By taking advantage of high-throughput next-generation sequencing (NGS) technology, we screened miRNAs in from seven different M. rosenbergii miRNA libraries. During this process we were able to identify novel miRNAs and DEMs for the first time in M. rosenbergii. We further conducted miRNA expression profile analysis and the functional annotation of DEMs by Gene Ontology (GO) and Kyoto Encyclopedia of Genes and Genomes (KEGG) to explore potential roles of miRNAs in gonadal development. The results from this study provide valuable information regarding the regulatory roles of miRNAs in gonadal development and reproductive control in M. rosenbergii.

Results

Identification of miRNAs from M. rosenbergii

We constructed seven cDNA libraries of small RNAs from early-middle (ET) and late (LT) developing testis; early (EO), middle (MO) and late developing (LO) ovaries; and male (MS) and female (FS) somata. A total of 19,316,857; 30,914,458; 51,441,365; 31,871,854; 29,986,842; 29,092,334; and 25,530,458 raw reads were initially generated from the seven libraries, respectively. After filtering out low quality sequences, there were 17,837,427; 26,153,111; 41,516,524; 27,583,544; 26,887,205; 24,940,628; and 22,053,365 clean reads remaining in the corresponding libraries. By comparing the small RNA sequences with those sequences in the Rfam, non-coding RNAs in all of the libraries were categorized into rRNA, snRNA, tRNA, known miRNA and those without annotation (Table 1). As shown in Table 1, most of the small RNAs were unannotated with a range from 10,003,331 to 34,476,353 sequences, implying that small RNA information is still underdeveloped for decapod species. After removing the repeat reads, known and novel miRNAs were retrieved from each library as shown in Table 2. A total of 1,954 known and 129 novel miRNAs were obtained. The highest number of the known miRNAs was found in the ET library, while three ovary libraries generated the highest number of novel miRNAs, displaying 49, 46, and 44 novel miRNAs, respectively. To get a rudimentary understanding for the distribution of the miRNA among seven libraries, we further analyzed the data using box-whisker plot (Fig. 1).

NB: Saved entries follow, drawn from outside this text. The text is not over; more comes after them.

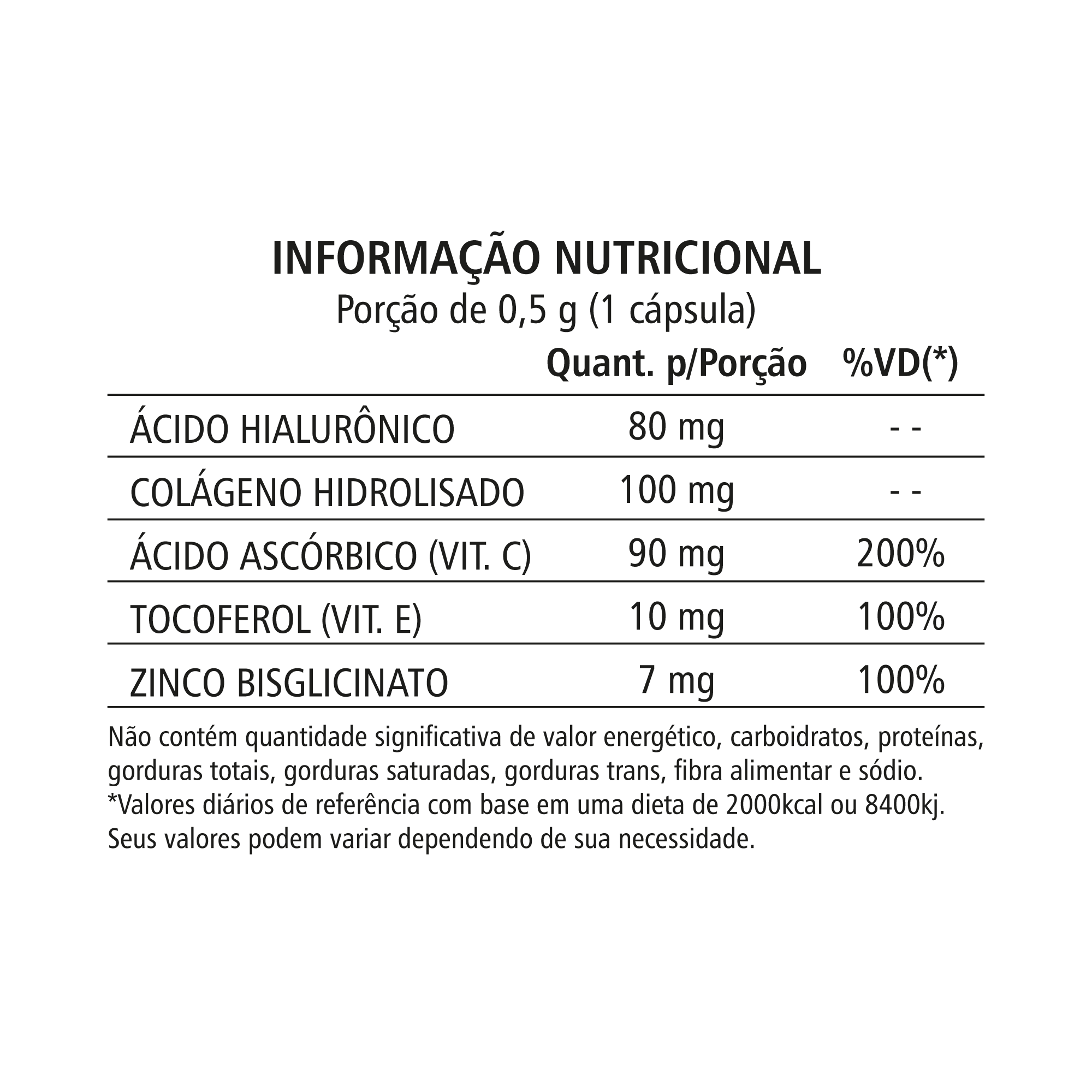 Composição: Ácido Hialurônico, Colágeno Hidrolisado, Ácido Ascórbico (Vit. C), Tocoferol (Vit. E), Zinco;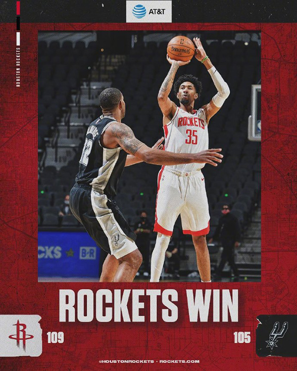 来源:24直播网01-15 11:36 24直播网讯:北京时间1月15日,2020-21赛季NBA常规赛继续进行,休斯顿火箭客场挑战圣安东尼奥马刺。全场打完,火箭109-105逆转马刺,止住两连败。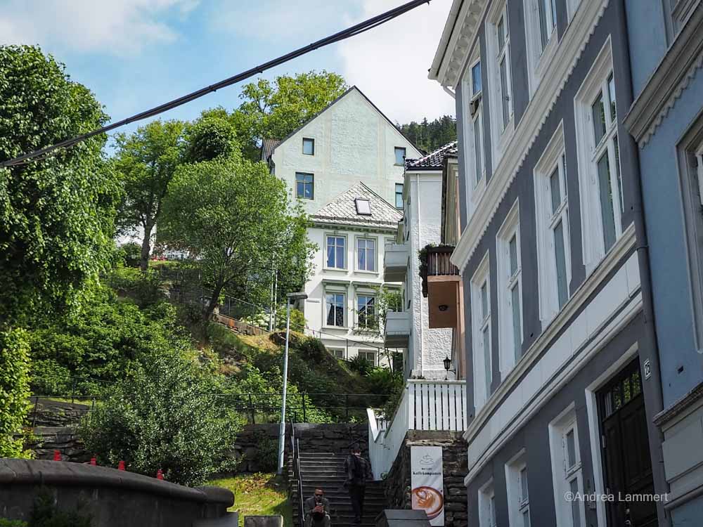 Dieses Viertel gehörte für mich zu den Highlights der Stadt. Keiner der Insider-Tipps für Bergen, aber das muss ja auch nicht immer sein. Im Stadtteil Sandviken lässt sich Bergens altes Gesicht nachempfinden, eine Ansammlung alter Holzhäusern, die im Reihenhausstil dicht an dicht gebaut wurden. Wer dort hindurchspaziert, fühlt sich wie in einer alten Filmkulisse. Die Vorgärten sind oftmals herrlich bepflanzt, die Fensterbänke wunderschön dekoriert, es ist ein Augenschmaus.

Table 1 Distribution of reads in theseven small RNA libraries.
Table 2 Numbers of known and novel miRNAs in seven small RNA libraries.
Figure 1
figure 1

Box-whisker plot of miRNA expression among seven libraries. ET, early-middle testis; LT, late testis; EO, early ovary; MO, middle ovary; LO, late ovary; MS, male somata; and FS, female somata.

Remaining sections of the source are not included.